# Welding high carbon steel



## azmike (Jan 4, 2015)

I got some really cheap weight distributing bars from the Airstream dealer in town. Patrick and I are building a skid steer mounted grubbing tool for the lightly rooted but numerous tar and creosote bushes at the ranch. The bars are solid and made of high carbon steel. We pre-heated the welded areas to glowing red then welded them to an old, stupid heavy skid steer back plate.

I had a chance to test drive the new tool yesterday mounted on the JD110, it works great and the best part is that it held together! Welding sucker rod is similar, as it cools you will hear the SNAP as the weld lets go.

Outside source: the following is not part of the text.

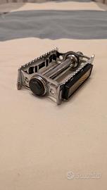 Vendo coppia di pedali a sgancio rapido LOOK modello PP166, un vero classico del ciclismo su strada degli anni '90. Prodotti in Francia, questi pedali erano il top di gamma per affidabilità e design. Dettagli: Colore: Bianco originale. Regolazioni: Tensione della molla regolabile micrometricamente. Compatibilità: Tacchette tipo LOOK Delta (standard facilissimo da reperire). Condizioni: Usati con normali segni estetici dovuti all'utilizzo (come visibile in foto), meccanica funzionante. Perfetti per completare un restauro vintage o per una bici da corsa classica. Prezzo: €20 Spedizione disponibile o ritiro a mano.

Patrick called this job well and now I get to set on the tractor and "enjoy" the tool for 160 acres!


----------



## Farmerbrown2 (Sep 25, 2018)

When I went to welding school the old instructor always had us use 7018H I think? It was a hi allow rod also using chipping hammer to peen the weld releaves stress in the weld .


----------



## mlappin (Jun 25, 2009)

Or hit it with a needle scaler after welding to peen it.


----------



## azmike (Jan 4, 2015)

Burning 1/8" 7018 running our Miller Pro400 diesel welder. Always use enough gun!


----------



## RuttedField (Apr 24, 2016)

On US Navy Destroyers we had to preheat any high carbon steel that was over 3/4 thick for what it is worth, 350 degrees.

One day last winter it was -10 degrees (f) and I was welding a shell seam (hull) outside. Since a hull is only 5/8 thick, technically pre-heat was not required and I even asked the Navy Inspector because it did not seem right. Ten Below Zero is cold..."Nope, not required he said". It passed x-ray, but I am not sure I would want to sail on it and hit a 50 foot wave in the Arctic Ocean.


----------



## glasswrongsize (Sep 15, 2015)

RuttedField said:


> On US Navy Destroyers we had to preheat any high carbon steel that was over 3/4 thick for what it is worth, 350 degrees.
> 
> One day last winter it was -10 degrees (f) and I was welding a shell seam (hull) outside. Since a hull is only 5/8 thick, technically pre-heat was not required and I even asked the Navy Inspector because it did not seem right. Ten Below Zero is cold..."Nope, not required he said". It passed x-ray, but I am not sure I would want to sail on it and hit a 50 foot wave in the Arctic Ocean.


I'm glad I didn't know that 25 years ago when I was one one of those Sprucan destroyers in Uncle Sam's Yacht Club when I was floating around in the North Atlantic and made it to the north pole. Ain't sure I woulda went without a rifle muzzle impression being left in the middle of my back from where they "helped" me onto the boat.

Skip A Rope, Mark


----------



## RuttedField (Apr 24, 2016)

Honestly, when I welded, I always thought about the end product. You see those 300 sailors walking around the shipyard and knew there was 300 lives on that ship, and that ship could see 50 foot seas...or possibly battle. Our welds had to have a certain shape to them, not for looks, but because an acute angle would capture the reverberations of an ordnance and crack the weld, so we shaped our welds so it would not. I was pretty particular on how my welds looked.

Towards the end of my career there I was welding the missile silos together and that was pretty cool. 155 weld passes per joint for 4 inch high strength steel. Yep...that was preheated, a bear in the summer, but I was well compensated. But it was not always about the money.

One year there was a US Freighter that got attacked by pirates and the Ship's Captain was taken prisoner for ransom. The ship let out a distress call and all through the night one of the ships we build sailed at full steam. The next morning the First Mate said they looked at the horizon and saw the USS Bainbridge ready to help; they had no idea their distress call was even heard. Anyway the navy did help...pirates 0, American's 3. (Navy Seal snipers killed the pirates). Its nice knowing, no matter where American's are in the world, presence on the high seas matters. I am glad to have done my part to put a few ships out there to help out.


----------



## mlappin (Jun 25, 2009)

farmerbrown said:


> When I went to welding school the old instructor always had us use 7018H I think? It was a hi allow rod also using chipping hammer to peen the weld releaves stress in the weld .


7018 is a low hydrogen rod with very good ductile strength. In other words it actually has a little flex built into the bead where usually a mig weld can be quite brittle in the certain circumstances. Gonna do a lot of cutting edges etc? Spring for a roll of .045 7018 wire, better have a wad to spend though.


----------